Кажется, я говорила уже, какая их вера была глубокая и чистая, без малейшей примеси ханжества или суеверия. Я также помню негодование Мама, когда у нас бывал молебен с иконой Иверской Богоматери (которую всегда привозили к нам в дом после нашего возвращения из деревни) и нянюшки Клейнмихелей, которые иногда там бывали, заставляли нас пролезать под иконой, при ее выносе из дома. Мама объяснила нам, что нужно только приложиться к иконе, а пролезать под ней – глупая выдумка людей, которые не понимают, что главное – молитва и вера. Конечно, нянюшки Клейнмихелей были очень скандализованы тем, что мы не пролезали с ними вместе, и, кажется, считали нас отщепенцами. Несмотря на глубокую веру, у Мама были некоторые суеверия, которые она унаследовала от своей нянюшки-католички из Саксонии Елизаветы Ивановны. Так, например, Мама никогда не позволяла зажигать три свечи на одном столе, никогда не выезжала в путь в понедельник или пятницу и 13-го числа. Конечно, нельзя было садиться за стол тринадцати человекам. Мы, конечно, в эти приметы не верили, как часто это у детей бывает, и считали это все пережитками, но странно! Я несколько раз в жизни замечала, что когда за стол садилось 13 человек, часто кто-то из них умирал в течение одного года…

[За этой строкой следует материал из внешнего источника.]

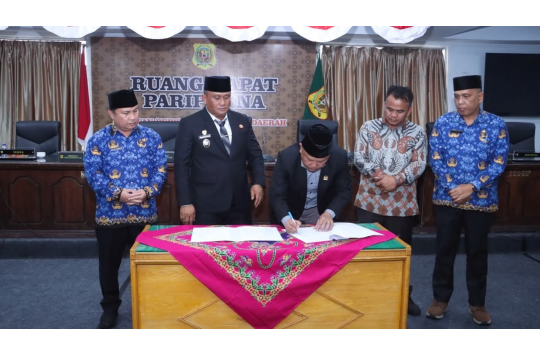 Penandatanganan dilakukan oleh Wakil Bupati (Wabup) Dairi Wahyu Daniel Sagala yang mewakili Bupati Dairi Vickner Sinaga, bersama Ketua DPRD Dairi Sabam Sibarani dan Wakil Ketua DPRD Helvensius Tondang.
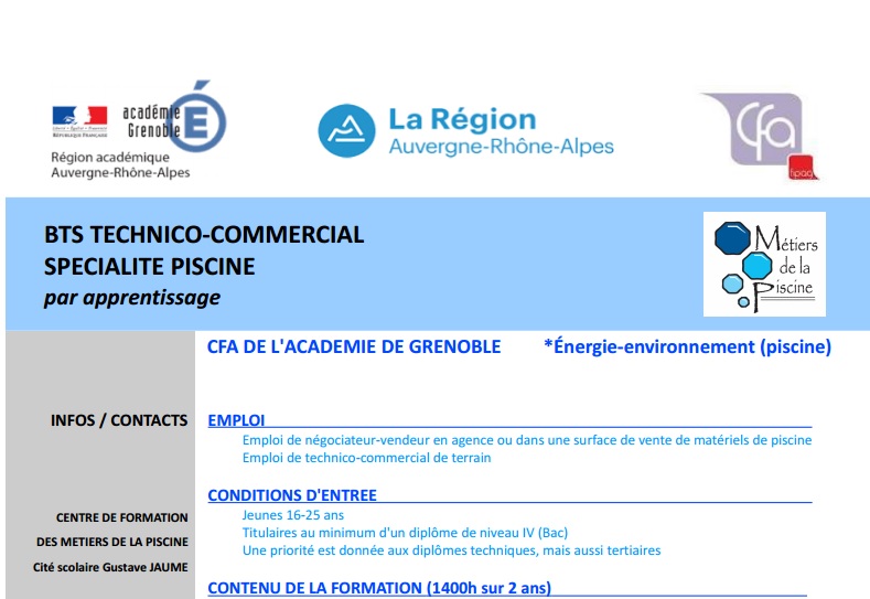 Un BTS technico-commercial par apprentissage, spécialité piscine, vient d’ouvrir au CFA de Pierrelatte (26). Il s’adresse aux jeunes de 16 à 25 ans, titulaires d’un diplôme de niveau IV (Bac), et propose une formation leur permettant de devenir technico-commerciaux de terrain et/ou négociateurs-vendeurs en agence ou dans une surface de vente de matériel de piscine.

Вижу Мама сидящей перед своими большими пяльцами и вышивающей по канве одежду на аналой для нашей московской церкви: это были разноцветные розы на голубом фоне. Она всегда вышивала шелком и не любила шерсть, зато иногда вязала крючком для нас одеяла. Мне она связала однажды такое одеяло, которое я считала последним словом красоты: оно состояло из белых и красновато-коричневых полосок, по которым были вышиты шелками букеты голубых и розовых цветов. В таких случаях вышивала одна бедная дама, Щуровская, которую Мама заглазно называла Изу и старалась, чтобы у той был заработок. Ее сын, которого она воспитывала одна, будучи вдовой, со временем стал известным московским врачом, которого Мама очень ценила.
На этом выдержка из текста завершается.